Thursday: Don Lee visits campus as the first Fred R. Brown Literary Award winner. He lunches with grad students (including me), reads from his work — in a different room! different building, even! — has a handful of story conferences, and does a craft talk (back in the workshop room) on getting published. As he was at Ploughshares for a gazillion years, I would have loved to get his feedback on a short story I’d written; too bad I don’t write short stories. And if beer and nachos were on the agenda again, I missed it — too pooped.
So much literariness in one week! You’d think this was New York or something.
… is reading about a BAD party you missed. Thank you, James Marcus. Thank you, Atlantic, for not sending me an invite.
Picture this: as you enter the auditorium at NYU’s Skirball Center for the Performing Arts, the first thing you see is 150 or so people on the stage. They’re having a cocktail party. You, the audience, are not.
My old high school is having an online party, webcasting the Exeter-Andover football game this Saturday. Alum John Irving will probably be too busy to tune in — he barely had time to type a paragraph on his latest project for the NBCC.
LAist is keeping up with the writers’ strike: photos of puppies, kids, and actor Jerry O’Connell.
Also in LA, a sad party/commemoration: on November 19, Laila Lalami, Chris Abani and more read for Mutanabbi Street, the street of booksellers in Baghdad, which was bombed in March (30 people died and 100 were injured). It’s part of the Aloud series at the LA Public Library.

Dave Eggers returns to Pittsburgh with Valentino Achak Deng. They focused on What is the What, Valentino’s story, and showed slides and video from a trip they took to southern Sudan. Yep, that’s a broken plane Valentino is pointing to; apparently it’s hard to find an airstrip without one.

Mark Z. Danielewski read from both House of Leaves and his latest, Only Revolutions, at Joseph-Beth Booksellers last night in Pittsburgh. I’d put the crowd at 100+, and every single person stood in line to get books signed. Which was worth it, because Danielewski used brightly colored pens and personalized each autograph. Cool.
The Q&A session had a few clunkers, including a question about how to get famous authors to blurb your publish-on-demand book (huh?). But a few weren’t so bad.
Q: How do you describe House of Leaves to people?
MZD: It’s a story about a family that moves into a house that’s bigger on the inside than on the outside.
on the genesis of House of Leaves -
MZD: It’s how I see the world. I see stories as a compilation of narratives and viewpoints.
on what publishers want -
MZD: All they want is something that’s done, that they can put a piece of cardboard on, and a barcode.
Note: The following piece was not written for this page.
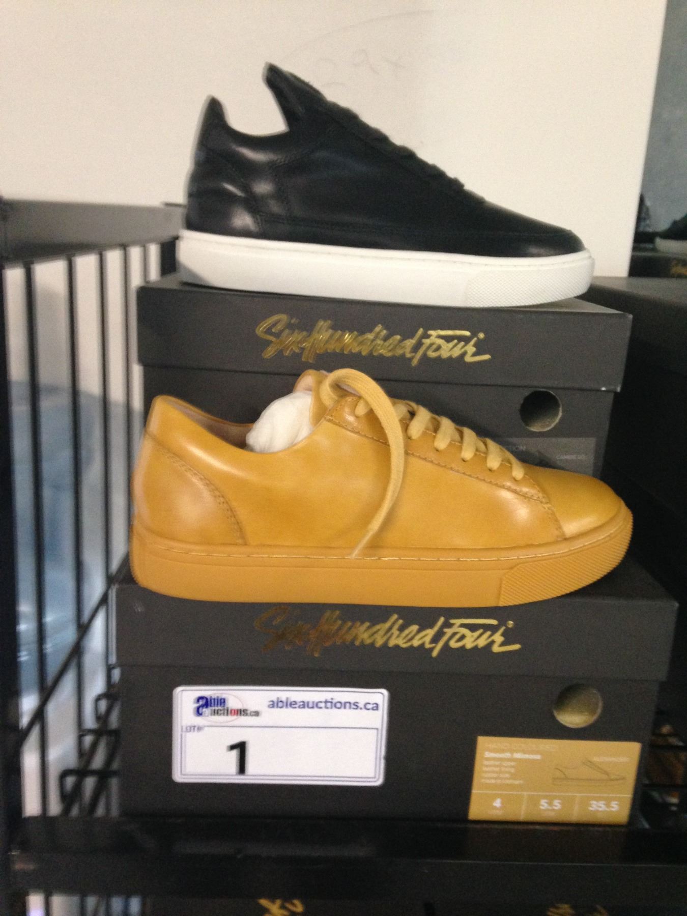 2 SIX HUNDRED FOUR LEATHER UNISEX SHOES SIZE 4 MEN'S IN SMOOTH MIMOSA & SMOOTH RUNWAY $300 RETAIL VALUE EA.

on literary criticism about his work (like Writing Machines) -
MZD: The reality is, most of it’s right, in my experience. Very smart people are spending a lot of time digesting, analyzing these texts. It’s interesting how much of it is spot-on.
on writing -
MZD: I like to write. I like to sit down and talk to my gorillas.
I went to the Swink reading at Tangeirs to see Mark Sarvas (that’s him there in the pic, blurrily) and hear more from his new novel. I agree with everything Callie already said.
I thought I didn’t need anything but Word to write a novel. But today Andrew told me about Journler, which seems more bloggy but possibly helpful, and look, Gwenda is using Scrivener. Are these truly organizational tools, or are they just software-based stalling tactics?
Dammit, I just missed Aimee Bender. Again.